For additional info, here's what I currently have for the relevant interfaces under /etc/network/interfaces:

auto enp7s0f0
iface enp7s0f0 inet manual
# Intel Ethernet Controller 10-Gigabit X540-AT2

auto enp7s0f1
iface enp7s0f1 inet manual
#Intel Ethernet Controller 10-Gigabit X540-AT2

auto bond0
iface bond0 inet manual
bond-slaves enp7s0f0 enp7s0f1
bond-miimon 100
bond-mode 802.3ad
bond-xmit-hash-policy layer2
mtu 9000

auto vmbr2
iface vmbr2 inet static
address XXX.XXX.XXX.15/24
bridge-ports bond0
bridge-stp off
bridge-fd 0 

I'm pretty new to both Linux and Ethernet bonding so any tips here to get this server back online are much appreciated!

Chris


Solution 1:

Thanks for the tips above, I was able to resolve the top level problem and handle the issues I faced on the other side. The reason for the "NO-CARRIER" interface status was, embarrassingly, that I had configured the bond to use NIC interfaces from an older 10GbE card in the same server and then I plugged the Ethernet cables into the interfaces on my new card! Running the ethtool blink command (ethtool -p [interface]) on the ports verified this mistake, which I corrected. Incidentally ports on the new card did not blink at any point, so I identified them through elimination.

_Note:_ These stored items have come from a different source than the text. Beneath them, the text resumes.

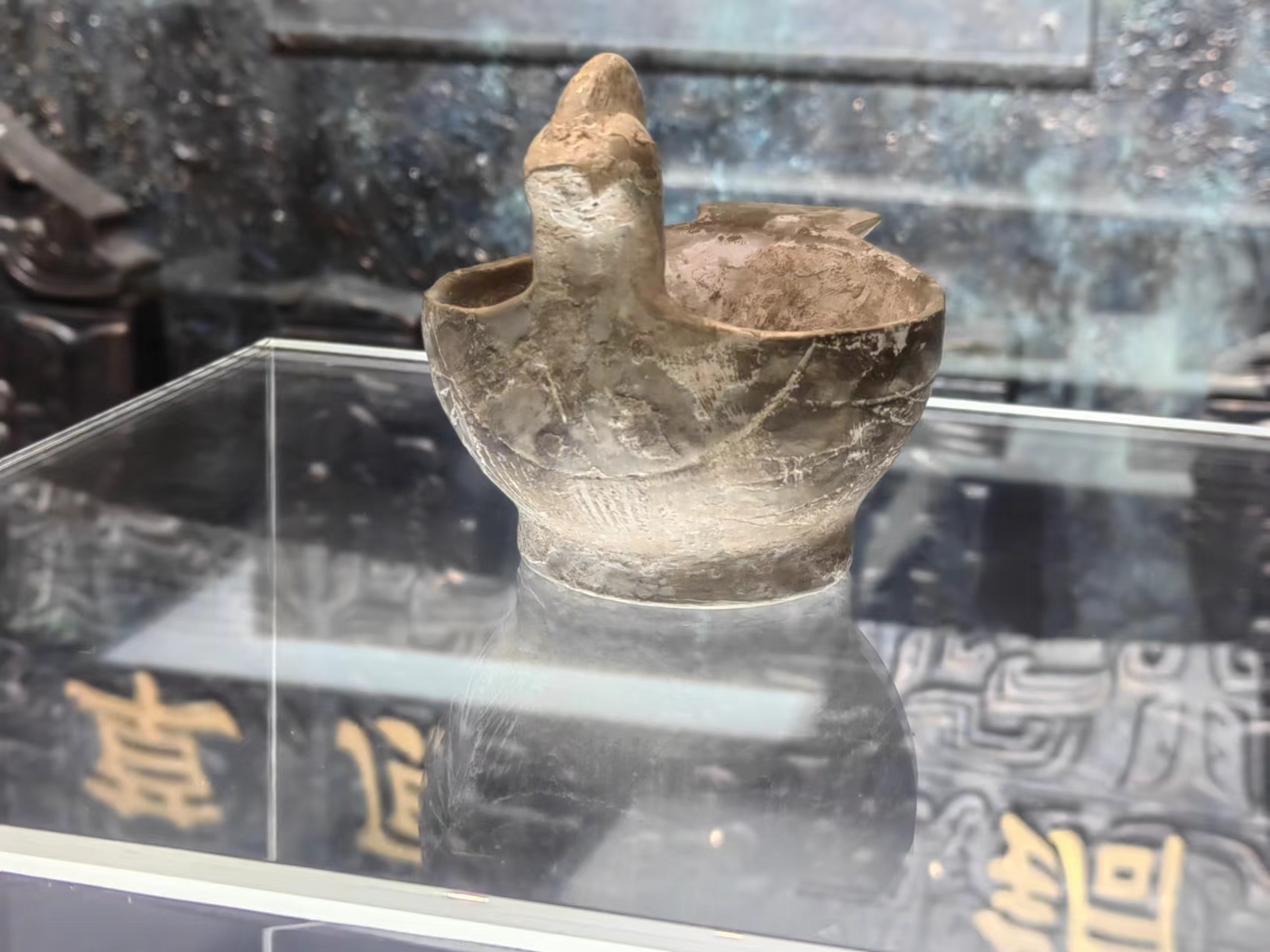 此外,展馆里还摆放了“中华第一凤”。这件陶凤杯诞生于新石器时代中期的赵宝沟文化。《尔雅》中记载,凤的雏形是鸡头、鱼尾。这件陶凤杯将凤的雏形完全显现,这在史前文物中是首次发现。
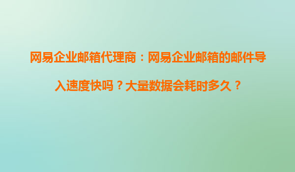 2025-11-04网易企业邮箱代理商:网易企业邮箱的邮件导入速度快吗?大量数据会耗时多久? 作为国内领先的企业邮箱服务提供商之一,网易企业邮箱凭借其稳定性和安全性赢得了众多企业的青睐。许多企业在迁移至网易企业邮...
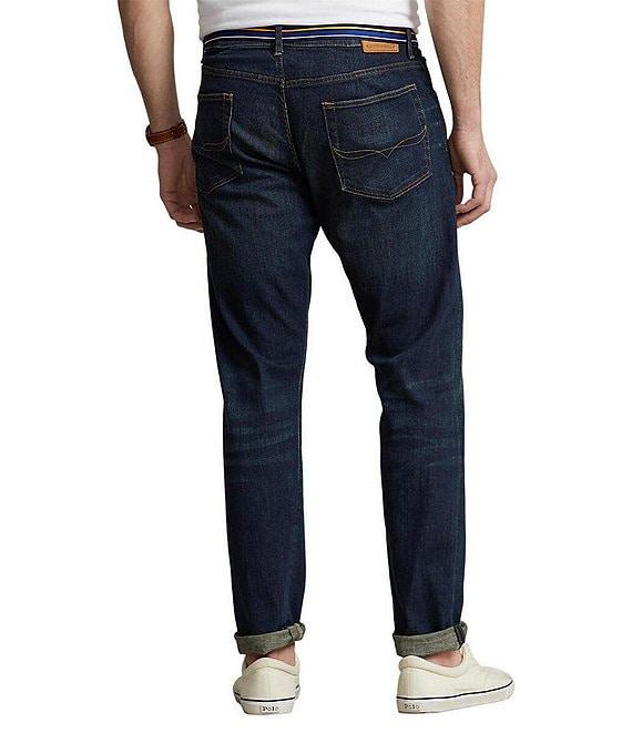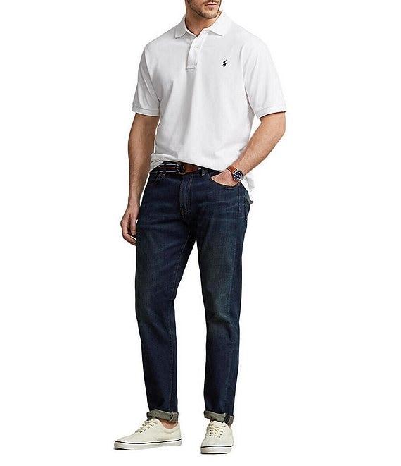 From Ralph Lauren Big & Tall, these jeans feature: Mid rise zip fly with a signature buttoned closure belt loops 5-pocket jeans with signature metal rivets woven "Polo" label at the coin pocket leather "Polo Ralph Lauren" patch at the back right waist stretch fabric cotton/recycled cotton/elastane machine wash/tumble dry Imported.

At this point, I configured the bond to use the correct interfaces and observed that one bonded port was reporting a link speed of 1000Mb and the other 10000Mb. Checking the system logs revealed that there was now an ixgbe firmware error involving the new card, likely due to slightly different hardware rev, as @BrandonXavier suggested.

[44650.577580] ixgbe 0000:05:00.0: Warning firmware error detected FWSM: 0x00000000

ethtool again showed that the firmware on these ports was quite old. I downloaded and installed the latest ixgbe firmware from Intel, following the steps here, rebooted the server, and this cleared up all remaining issues!